Would you please retype, exactly, the lines of the listing below between the line with "Black Oval HDPE" and the line with "지난달 29일 경기 양평군", inclusive?

━━━━━ RECORDS PROVIDED

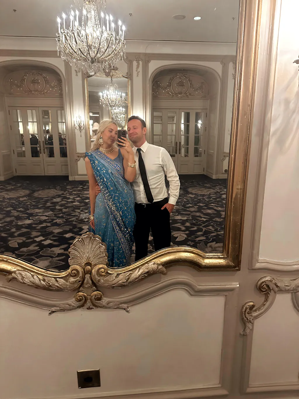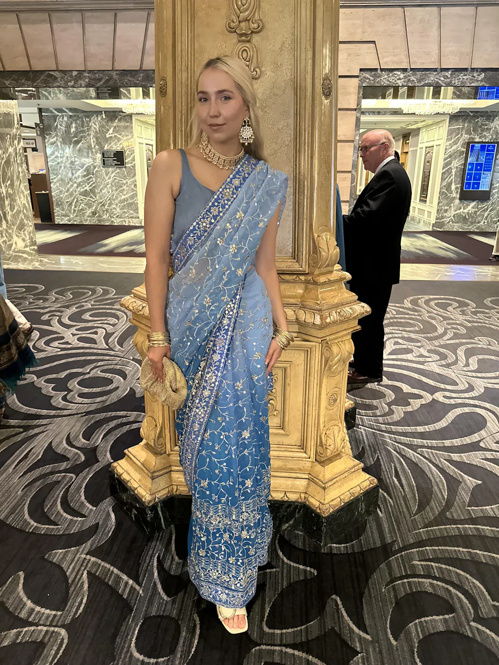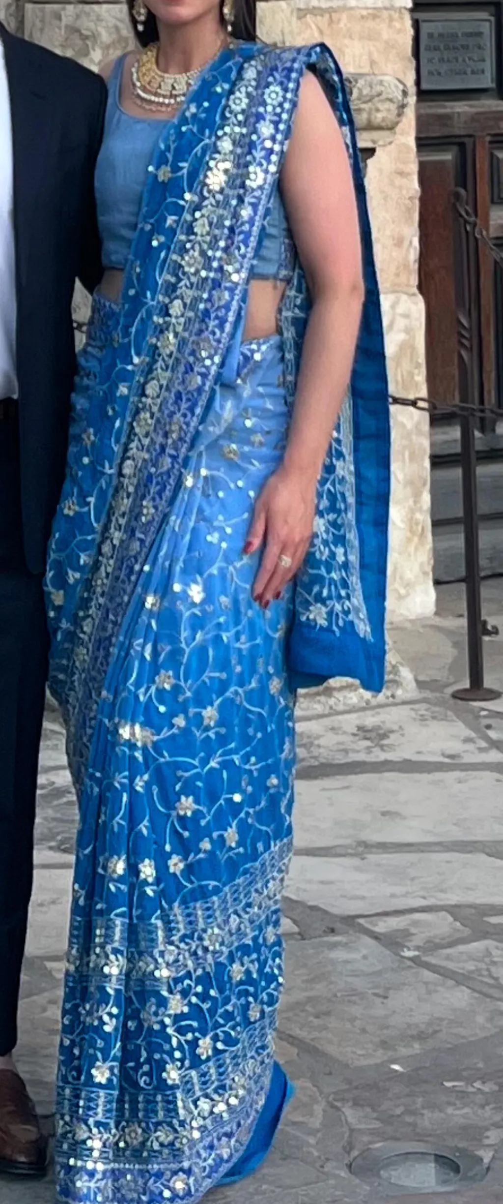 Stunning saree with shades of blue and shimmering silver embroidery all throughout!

━━━━━━━━━━
━━━━━ RECORDS PROVIDED

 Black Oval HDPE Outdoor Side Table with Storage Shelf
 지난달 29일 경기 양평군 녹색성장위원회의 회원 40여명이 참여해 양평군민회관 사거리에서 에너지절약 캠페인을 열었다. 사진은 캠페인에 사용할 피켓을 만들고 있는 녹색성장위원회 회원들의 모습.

━━━━━━━━━━
━━━━━ RECORDS PROVIDED

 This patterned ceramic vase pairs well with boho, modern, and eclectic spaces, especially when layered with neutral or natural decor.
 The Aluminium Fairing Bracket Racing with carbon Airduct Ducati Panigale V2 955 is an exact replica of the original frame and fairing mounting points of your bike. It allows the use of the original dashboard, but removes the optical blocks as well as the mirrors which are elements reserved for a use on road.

━━━━━━━━━━

- **FINAL ANSWER**
 Black Oval HDPE Outdoor Side Table with Storage Shelf
 지난달 29일 경기 양평군 녹색성장위원회의 회원 40여명이 참여해 양평군민회관 사거리에서 에너지절약 캠페인을 열었다. 사진은 캠페인에 사용할 피켓을 만들고 있는 녹색성장위원회 회원들의 모습.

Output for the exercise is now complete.